Представившись друг другу, мы направились пообедать в первую попавшуюся ресторацию. Во время десерта бутылка шампанского освежила и прояснила память этого странного солдата. Он поведал мне свою историю, и я убедился, что он был прав, когда воскликнул «дело известное!».
Когда мы вернулись домой, она стала так мило меня подзадоривать, была так обворожительна и дала столько обещаний, что я в конце концов согласился открыть ей признание старого солдата. Назавтра она получила следующий эпизод из эпопеи, которую можно было бы назвать «Француз в Египте».
Во время экспедиции в Верхний Египет под командованием генерала Десекса, один провансальский солдат был захвачен магрибцами и уведен в пустыню, лежащую за нильскими водопадами.
Стараясь держаться на безопасном расстоянии от французской армии, магрибцы двигались форсированным маршем и остановились только на ночлег. Они стали лагерем вокруг колодца, укрытого тенью пальмовых деревьев, под которыми была заранее припрятана провизия. Не предполагая, что их пленнику придет в голову мысль о побеге, они посчитали достаточным связать ему руки. Поев немного сушеных фиников и дав овса лошадям, магрибцы улеглись спать.
Увидев, что враги больше за ним не следят, храбрый провансалец зубами вытащил скимитар[1], зажал его лезвие между колен и, перерезав веревки, в одно мгновение оказался на свободе. Он схватил ружье, кинжал, сушеных фиников, небольшой мешок с овсом, порох и пули и заткнул за пояс саблю. Вскочив на коня, он поскакал в ту сторону, где, по его мнению, должна была находиться французская армия. Ему не терпелось вновь увидеть свой бивуак, и он так пришпоривал уже и без того порядком вымотавшегося рысака, что изодрал до мяса бока несчастной лошади. В конце концов бедное животное свалилось замертво, оставив француза одного в пустыне. Проделав пешком путь по пескам с отчаянной неутомимостью осужденного беглеца, на исходе дня он вынужден был остановиться. Несмотря на редкую красоту восточного ночного неба, он больше не чувствовал в себе сил продолжать путь. К счастью, ему удалось найти небольшой холм, на вершине которого высились несколько пальмовых деревьев; их кроны, заметные издалека, вселили в его сердце надежду. Измученнный он прилег на гранитный камень, форма которого по странности напоминала походное ложе, и уснул, даже не позаботившись о своей безопасности. Он отдавал свою жизнь в жертву, и последней мыслью его было раскаяние. Он казнил себя за то, что убежал от магрибцев, чья кочевая жизнь теперь, когда он был далеко от них и лишен помощи, стала казаться ему даже привлекательной.

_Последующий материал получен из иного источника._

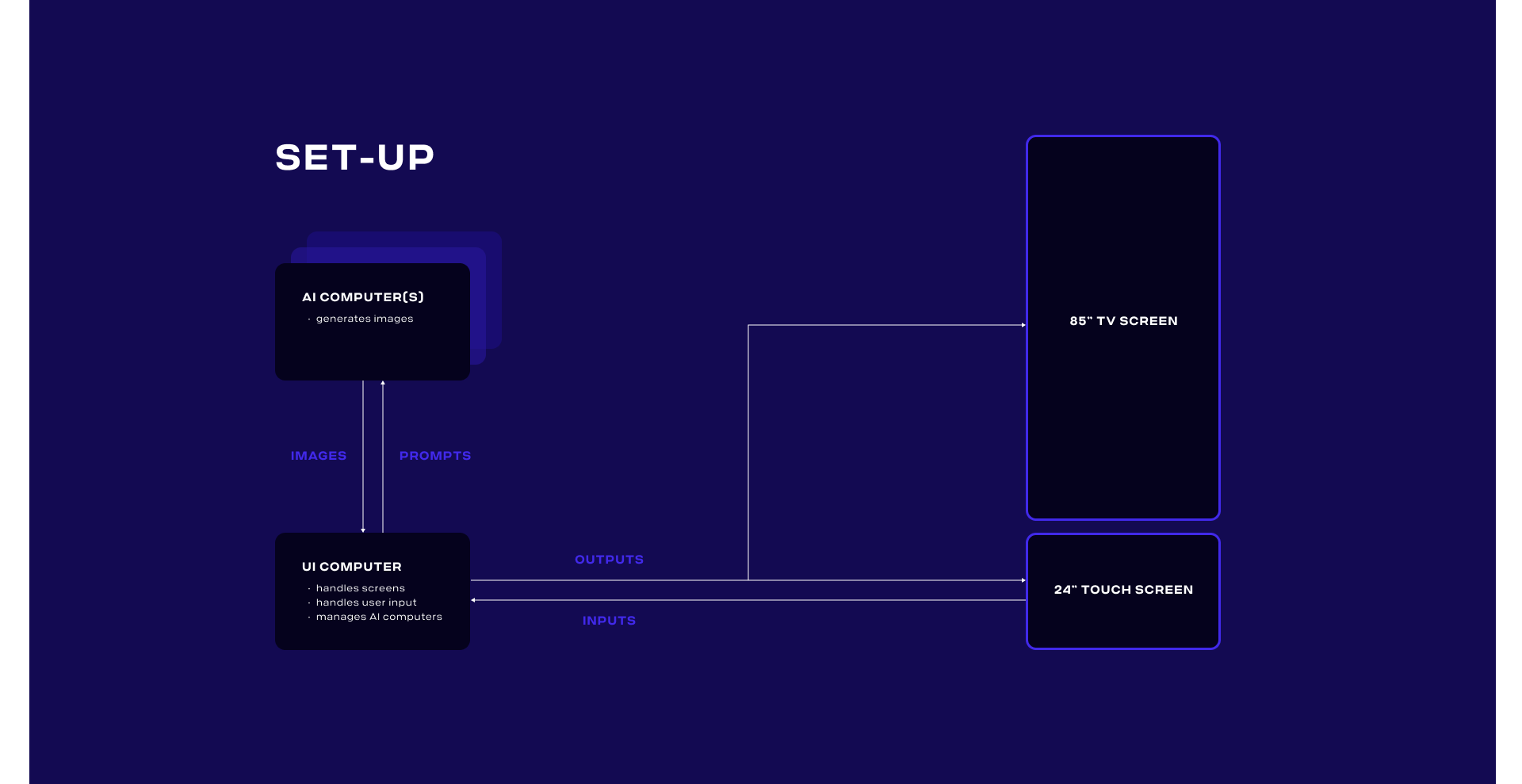 Das direkte Feedback an den User zu seinen/ihren Eingaben war ein entscheidender Aspekt der Experience. Daher haben wir die Bildgenerierung auf einen dedizierten High-End-PC aufgeteilt, auf dem eine selbstgehostete Stable Diffusion-Installation mit Einstellungen ausgeführt wurde. Dies ermöglichte uns, ein Bild innerhalb von 4-8 Sekunden zu rendern. Der User interagierte mit einem separaten Client, der die Benutzeroberfläche rendern und die Render-Anweisungen verwalten konnte. Durch Hinzufügen weiterer Render-PCs hätten wir die Bildwiederholrate sogar noch weiter erhöhen können.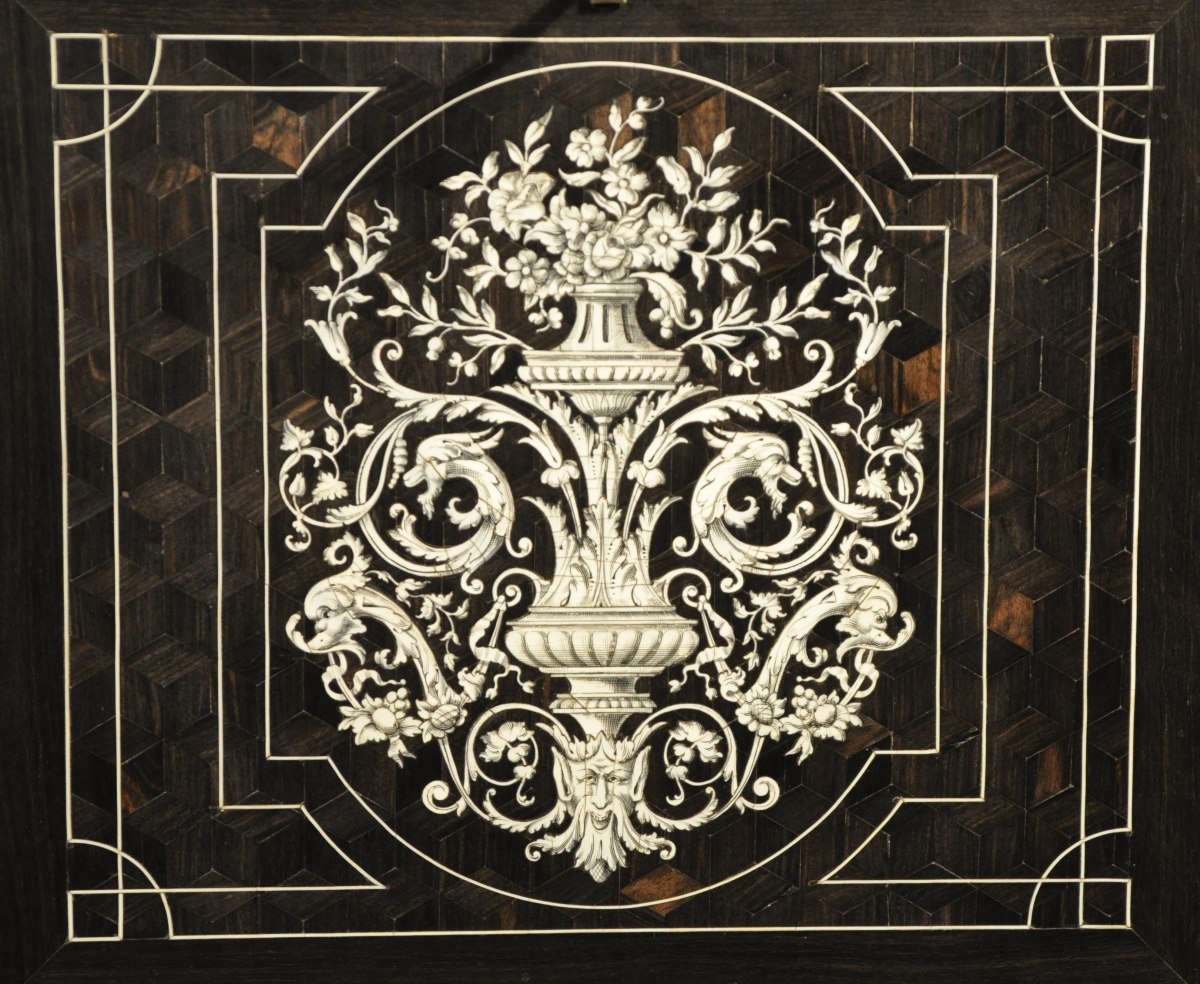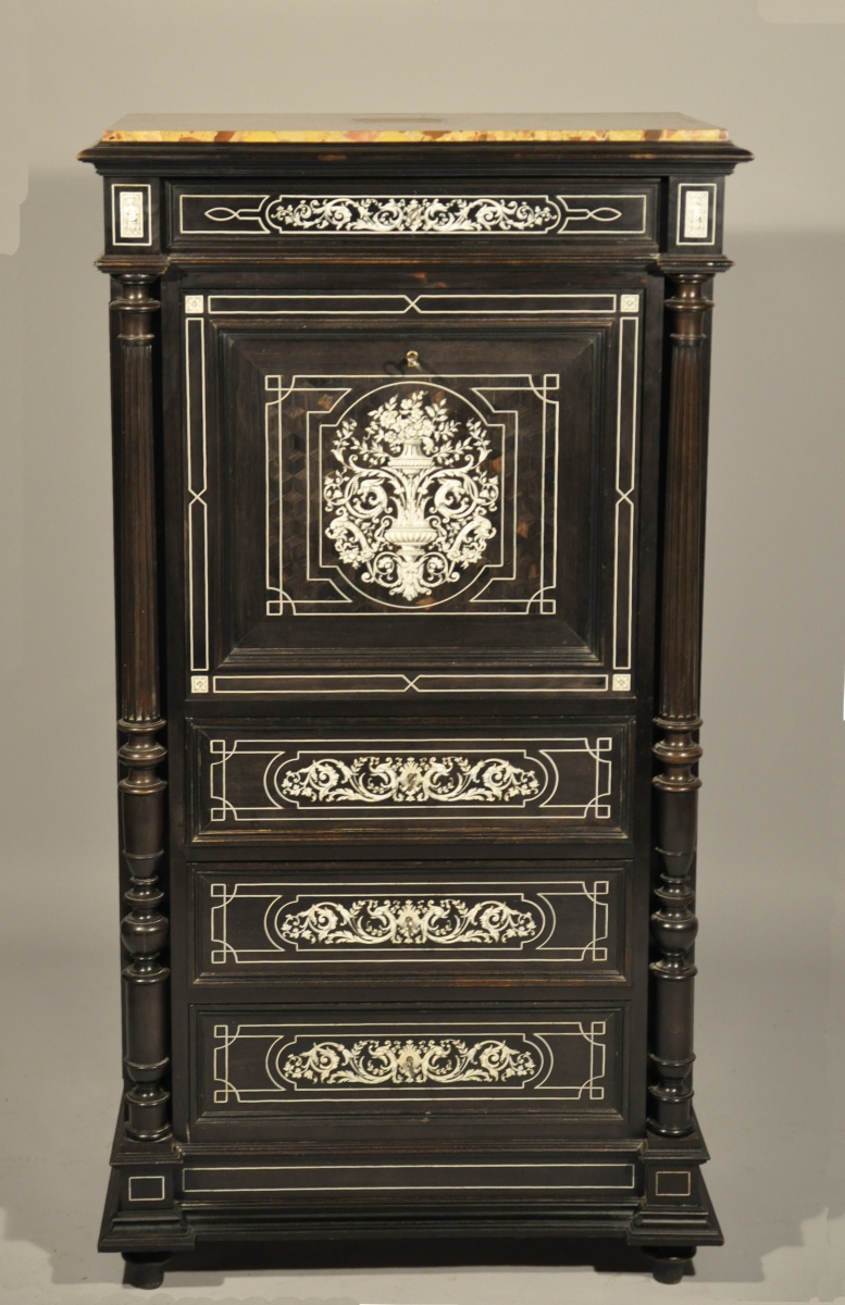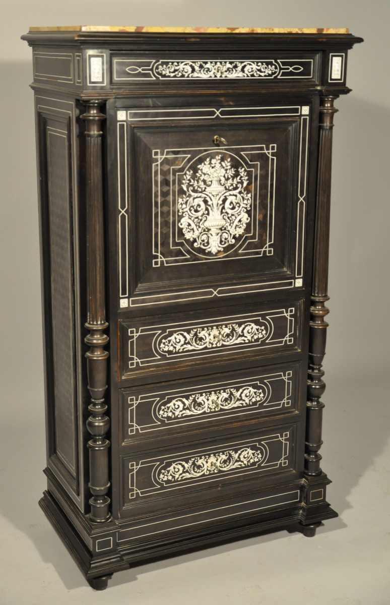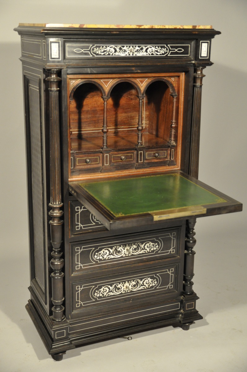SECRÉTAIRE à ABATTANT à la "BÉRAIN" à décors marquetté en bois noirci mouluré et tourné. Il ouvre à quatre tiroirs et un abattant. L'abattant, les tiroirs et les montants sont richement décoré dans le goût de Bérain d'incrustations d'ivoire: rinceaux, grotesques, vase fleuri, cartouches, fleurons et figures hybrides. L'abattant découvre un théâtre à décor architecturé dans le goût mauresque, souligné de filets d'étain et de laiton. Trois tiroirs intérieurs formant soubassement sont plaqués de bois de loupe. L'écritoire est foncé de cuir vert doré aux petits fers. Montants à colonnes détachées tournées et cannelées. Dessus en brèche d'Alep.

Его разбудили безжалостные лучи солнца, которые, падая вертикально вниз, нестерпимо раскалили гранит. По собственной глупости он расположился на стороне противоположной той, на которую отбрасывали тень зеленые кроны величавых пальм. Он посмотрел на эти одинокие деревья и невольно вздрогнул — до того напомнили ему их изящные увенчанные листвой стволы сарацинские колонны в Арльском соборе.
Провансалец обхватил руками ствол пальмы, словно это было тело друга, и, опустившись на землю там, где падала ее скудная прямая тень, горестно зарыдал. С неописуемой тоской смотрел он на лежавшую перед ним картину безысходности. Затем он закричал. Он кричал так, будто хотел измерить всю глубину своего одиночества. Но его голос, затерявшись в расселинах холма, прозвучал слабо и эхо не отозвалось на него — эхо жило в его собственном сердце. Провансальцу было двадцать два года, и он зарядил свое ружье.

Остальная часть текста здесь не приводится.